Dulhasti HEP (Image via The Hindu)

Similarly, the 390 MW Dulhasti run-of-the-river project, which has its stage I operational since 2007, had the construction of its second stage stalling. In December 2025, the Centre’s Ministry of Environment gave clearance to the 260-megawatt Dulhasti Stage-II hydel project on the Chenab River in Jammu and Kashmir’s Kishtwar district.  

Under Dulhasti Stage-II, water from the Stage-I power station will be diverted through a separate tunnel to form a horseshoe-shaped pondage for Stage-II. In addition, the project includes a surge shaft, a pressure shaft, and an underground powerhouse housing two 130 MW units.

There were many factors that caused delays in commencing construction or accelerating progress of these projects, including IWT-mandated information-sharing, design restrictions, and the exploitation of dispute resolution mechanisms by Pakistan to put hurdles.
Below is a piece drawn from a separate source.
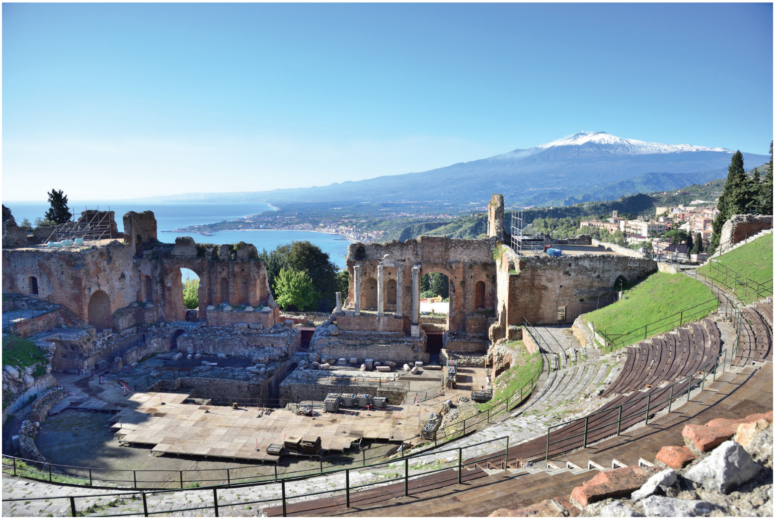
The Greek Theater of Taormina is without question the most important feature for Taormina visitors. Its beautiful natural setting yields a splendid view of the Calabrian coast, the Ionian coast of Sicily and the spectacular cone of Mount Etna.

Terracotta ceramics from the island are well known. The art of ceramics on Sicily goes back to the original ancient people named the Sicanians. It was then perfected during the period of Greek colonization and is still prominent and distinct to this day. Caltagirone is one of the most important centers in Sicily for the artistic production of ceramics and terra-cotta sculptures.

Pakistan would often claim that even the run-of-the-river projects could allow India to control water flows during low seasons, significantly affecting Pakistan’s water requirements.

Back in 2023-24, India issued notices to modify the Indus Waters Treaty, citing Pakistan’s intransigence in resolving disputes pertaining to the Ratle and Kishanganga HEPs. India also highlighted factors like demographic changes, environmental needs and climate impacts, etc. The diplomatic efforts continued until Pakistan’s bloodied misadventure in Pahalgam warranted a decisive measure.

Notably, the Indus waters system accounts for around 25% of Pakistan’s GDP and sustains crops such as wheat, rice, sugarcane, and cotton. What further exacerbates the situation for Pakistan is its ongoing water crisis. India’s hostile neighbours’ per capita availability is also steadily dropping.

The significance of “Sindhu” for Pakistan can be understood from the fact that Pakistan relies on the Indus basin for around 75% of its renewable water, irrigating about 80-90% of farmland, supporting 90% of agricultural crops, and generating around 20-30% of electricity through hydropower.

Under the prevailing circumstances, if India closes off or drastically decreases flows from the Indus, Jhelum, and Chenab, the consequences could prove disastrous for Pakistan, as their agricultural production could decline, putting food security for millions of Pakistanis at risk in the coming years.

Overall, India’s hydropower capacity in the Indus basin was confined to about 33 projects in planning or construction, generating only around 20-30% of potential output due to IWT-mandated storage caps. After relegating the Indus Waters Treaty to the veritable dustbin, India is working on unlocking its full potential to harness its share of Indus system waters.